Serious absolutely. Needing a six month class to answer? Nope
I have some discomfort with the descriptions of Jews being exclusivist people of God, as echoed here, and therefore looking upon Gentiles as "unclean". Even accepting that this isn't the main thrust of your piece, here, Steve man, I am uneasy, having heard it and similar versions hundreds of times from mainline church pulpits over the years.
In fact, the Jews were under tremendous pressure as a people not only to survive, but to remain faithful to God as they understood that. This was one of many times, when, faced with these pressures, the folks and their leadership put a conservative spin on the matter of being faithful, and on identity.
Later, this conservative spin would lead to a rupture within the faith, and the splitting off of the followers of Yeshua ben Joseph, the people who now call themselves Christians. I can't blame anybody for feeling, as many undoubtedly did when faced with this moment in Peter's life, that he and his followers were giving away the farm and following the slippery slope toward assimilation (and therefore apostasy). I feel this even though I can also see it as a magnificent sharing of the Jewish faith with the wider, Gentile world.
This is not the first time that Jews had been faced with such a crossroads and as a people, reacted very humanly. The book of Ezra, for example, is a description of the hideous ultra-conservative purging of non-Jewish elements from Jewish society in the wake of the Babylonian captivity, a brutal reassertion of identity.
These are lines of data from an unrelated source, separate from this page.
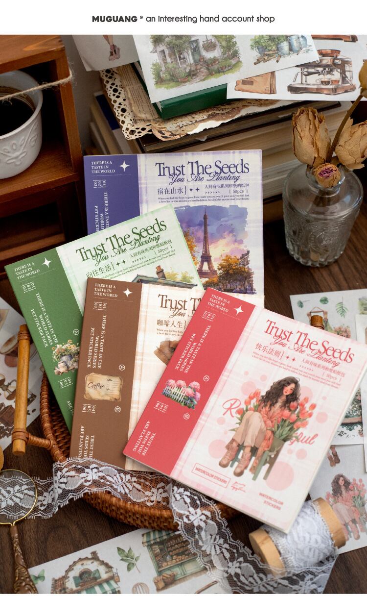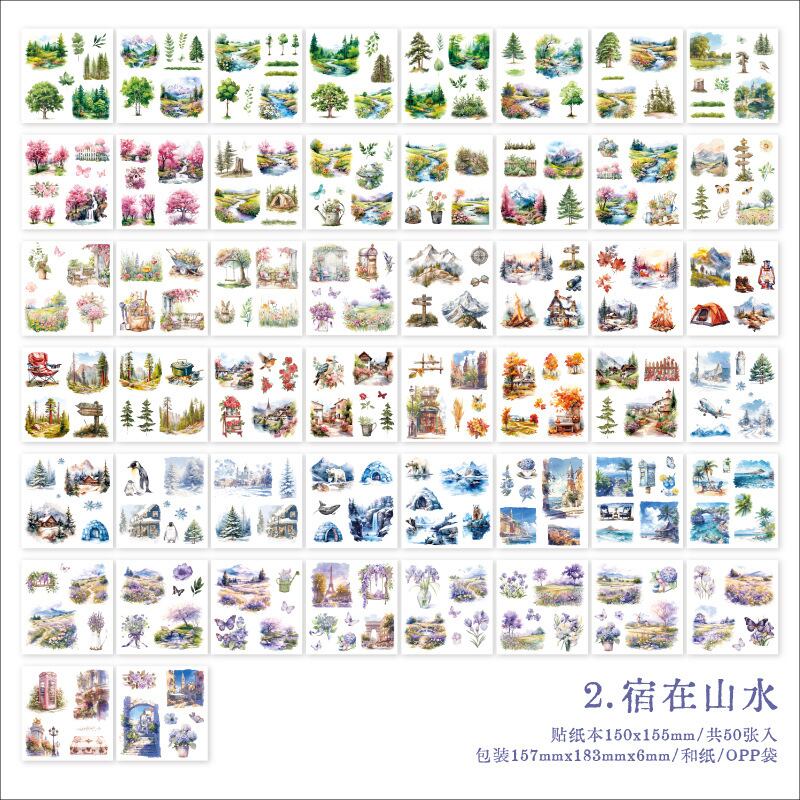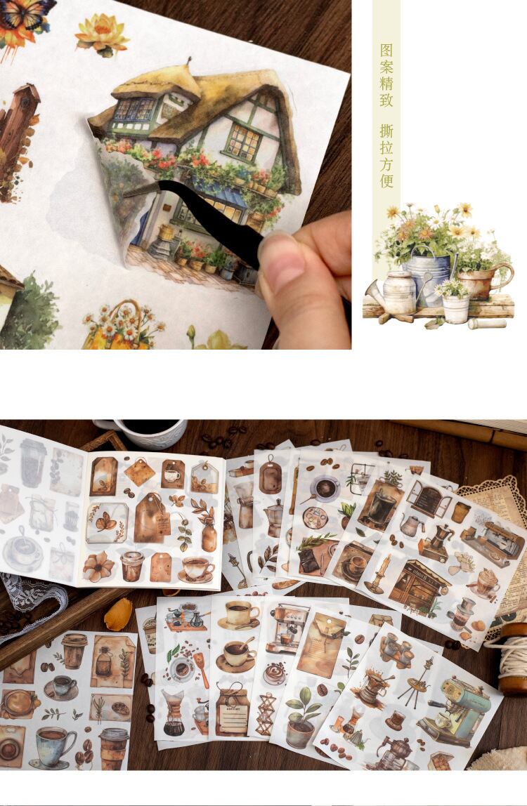 ダイカット和紙ステッカーブック Worldly Tasteシリーズ 日常生活素材デコレーションDIYステッカー4種50枚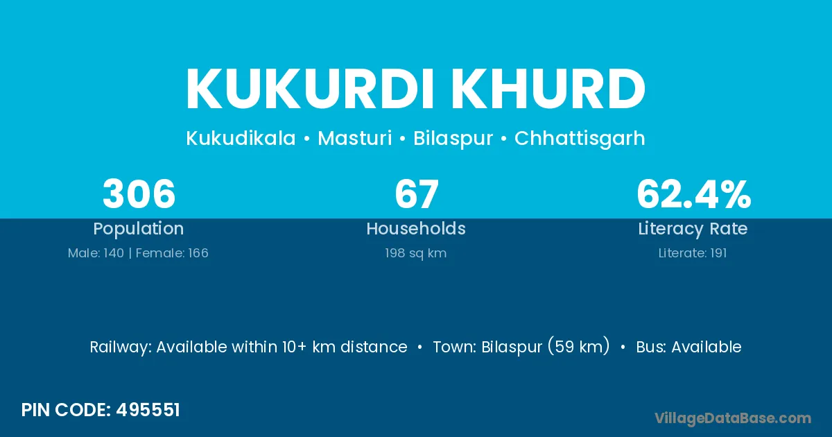 Bilaspur (59 km) is the nearest town to Kukurdi Khurd village for major economic activities and is located approximately 59 km away.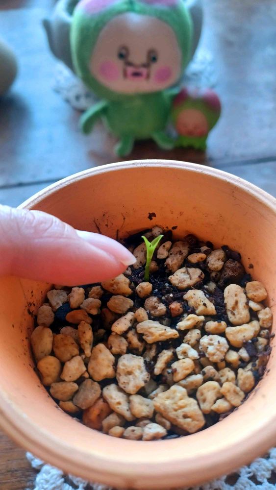 スーパーで購入した高知県産のレモンから取り出した種、1粒。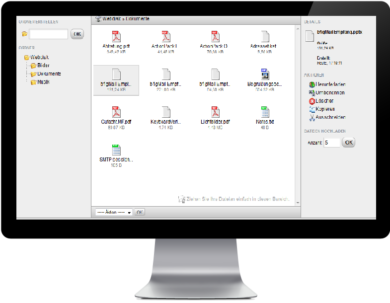 Ob Digitalfotos, MP3s oder Dokumente 24-mail bietet Ihnen mit bis zu 100 GB Dateispeicher ausreichend Platz für die Verwaltung Ihrer Dateien.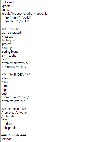 복사해서 프로젝트의 루트에 .gitignore파일 생성해서 붙여넣기

But no story--and especially that of the episode involving Peter and the Romans--is a "pure" story: the book of Ruth, which came to be around the same time, sits as a counterbalance to Ezra's horrors--it's the story of the faithfulness of a foreign widow to her mother's faith, and the ultimate marriage of a Jewish man to a Gentile woman, who coincidentally becomes the ancestor not only of David, but of Jesus of Nazareth.